Spirit of Mumbai: Rohit Sharma and Zaheer Khan (standing, leftmost), Ajit Agarkar (seated, extreme left), Sachin Tendulkar (standing centre), Wasim Jaffer (seated, centre) and Ramesh Powar (seated, fourth from right) were part of Mumbai's 38th Ranji Trophy win in 2008-09
Wasim Jaffer picks an all-time Mumbai Ranji Trophy XI from among the players he watched and played with
As told to Shashank Kishore | July 23, 2020
Earlier this year, Wasim Jaffer, the former Mumbai captain, called curtains on a first-class career that spanned 24 years, with the most Ranji Trophy appearances, most runs in the tournament's history, most centuries and most catches. He won ten titles in all - eight with Mumbai and two with Vidarbha. Here, he picks his all-time Mumbai XI from those he played with, and four "legends" for the sheer weight of their performances.
Sunil Gavaskar (c)
To score the number of runs he did, mostly without a helmet, against the top attacks in the 1970s and 1980s, makes him an automatic pick. The way he picked up lengths and his ability to leave balls alone made him an idol for those of my generation. He was such an inspirational figure that it's hard to look beyond him as captain in this XI. I watched him bat live only in a number of festival matches, but I've been fortunate to get to know him well over the years. The story of him turning up for a Kanga League game straight from a New Zealand tour is legendary. Our seniors also told us how he returned from an international series and saw our Ranji side off at Mumbai Central while they were leaving for the final, against Maharashtra. That's commitment.

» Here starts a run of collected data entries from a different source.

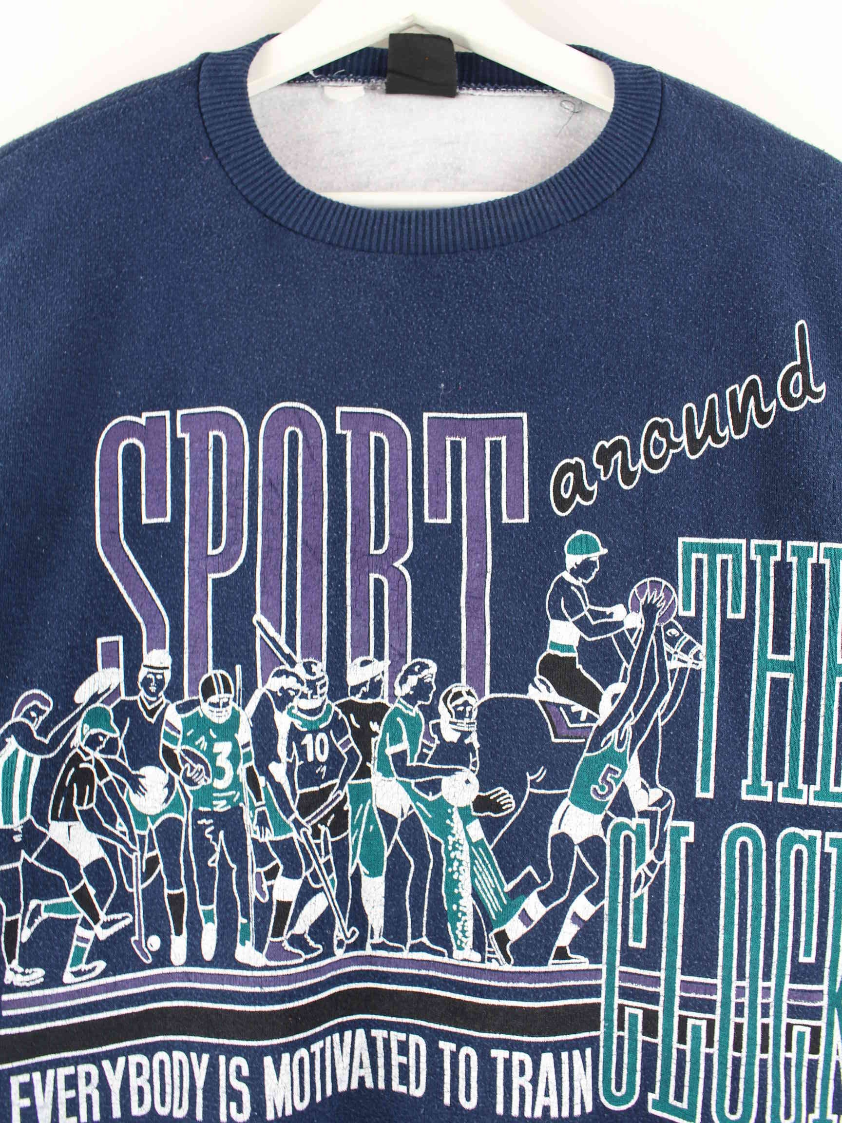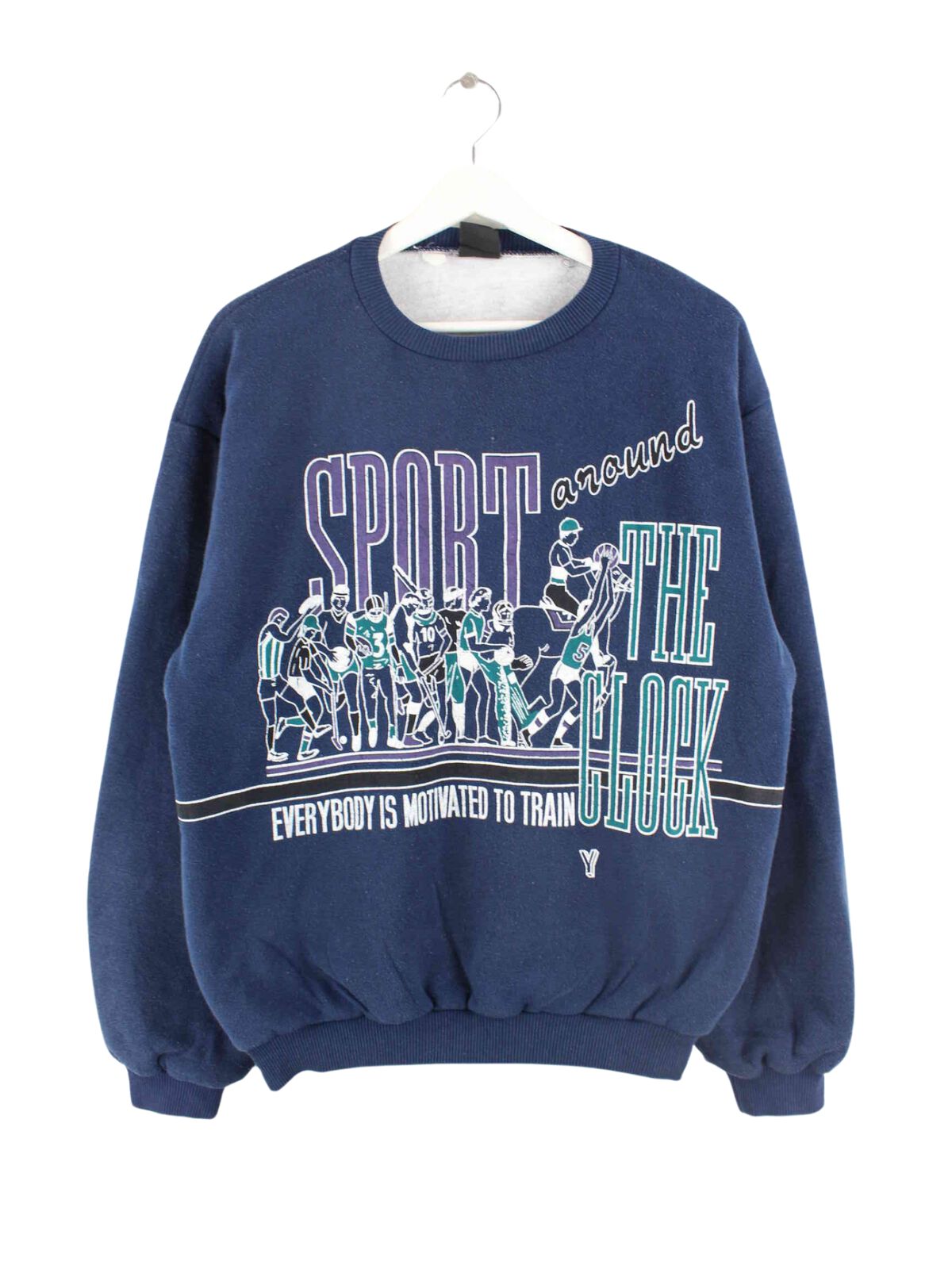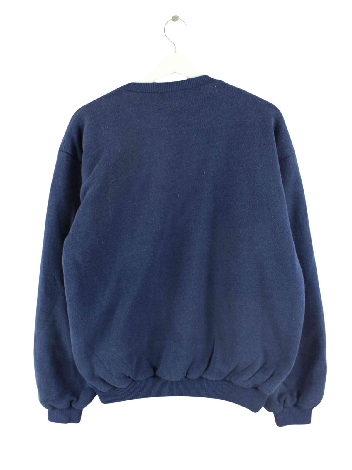 Vintage sweater in size M from the early 2000s. It's made from a cotton blend and is stocked in blue. With a great vintage print.
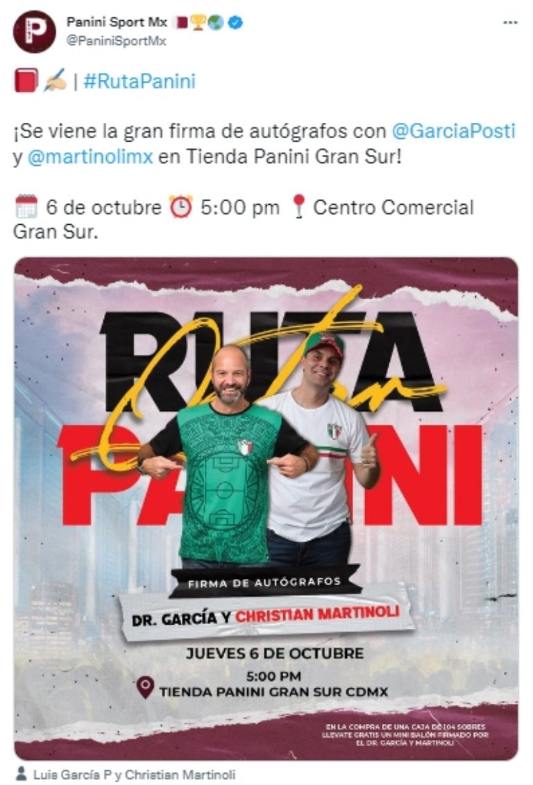 En la cuenta oficial de redes sociales de Panini Sports México, se dio a conocer que Christian Martinoli y Luis García estarán presentes este jueves 6 de octubre en una plaza comercial del sur de la Ciudad de México. Será en punto de las 17:00 horas, tiempo del centro.
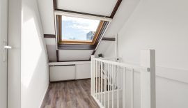 Ruime voorzolder met nieuw tuimelraam, opstelling CV-HR-combiketel (Intergas 2017), wasmachineaansluiting en berging. Nog 2 mooie slaapkamers, beide voorzien van een groot tuimelraam (waarvan 1 nieuw).
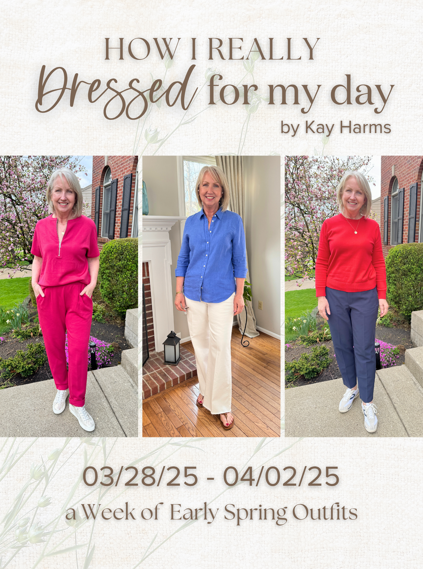 I love all the bright colors you wore this week. I suffer from chronic depression and spent many years in my pajamas not taking care of myself. Now, as I’m doing better, I get dressed to look as nice as I can in comfortable clothes. I love clothes, but my husband and I live on our Social Security income. Most of my clothes come from Poshmark, but I’ve lost nearly 100 lbs in the last year and it has gotten much easier to find Talbots and J. Crew clothing on that site. You give me inspiration! I have a really nice pair of J. Jill ecru jeans headed my way right now. My clothes are mostly worn at home or for doctor’s appointments. I average 2-3 a week. Talk about depressing! I hope you have a good weekend celebrating the resurrection of our Lord and Saviour, Jesus Christ.
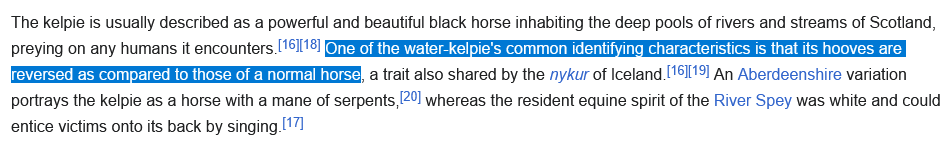>>58839419i know someone will just respond to this with>>its based on something so that means its good!but its a kelpie, whose hooves are traditionally backwards
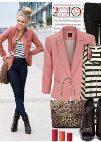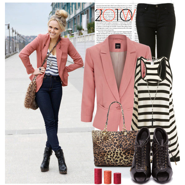 - Pink pink jacket with classic blue jeans, a striped nautical top, high lace-up shoes and a large leopard print bag.
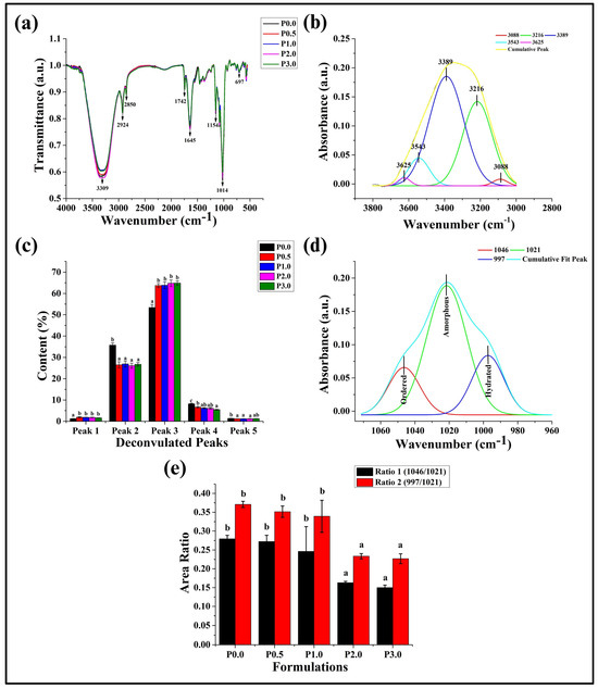 (a) Fourier Transform Infrared Spectroscopy (FTIR) spectra of whole wheat bread (WWB) formulations, (b) Deconvulated bands of the water region (3800 to 3000 cm−1) of WWB formulations, (c) Bar graph representing the area under the curve (AUC) of the peaks found in the water region, (d) Deconvulated bands of the starch fingerprint region (1070–950 cm−1), and (e) Bar graph representing the area ratio of the starch region in the WWB formulations. WWB formulations containing chitosan lactate (CL) in different concentrations: P0.0 (control, absence of CL), P0.5, P1.0, P2.0, and P3.0 (0.5%, 1.0%, 2.0%, and 3.0% of CL). The values denoted in the graphs are the average ± SD of triplicate samples. Bars with different letters differ significantly (p < 0.05).

I won't be picking myself, obviously, since it's my XI. I'm going with Rohit as my opener even if it may seem left-field. He's been opening in white-ball cricket for eight years now, and the improvements I've seen both technically and temperamentally convince me that he'll be successful as a red-ball opener too. I remember, in his debut season in 2006-07, Mumbai needed to win the last three league matches outright to qualify for the knockouts. Rohit hadn't done as well as he would have liked early on in that season, but he got a double-century in that must-win game, against Gujarat. We won that, and then beat Rajasthan and Maharashtra. We not only qualified for the knockouts but also won that season. That knock was full of character. Over the years, he may not have played too much for Mumbai because of India commitments, but he is passionate about the team.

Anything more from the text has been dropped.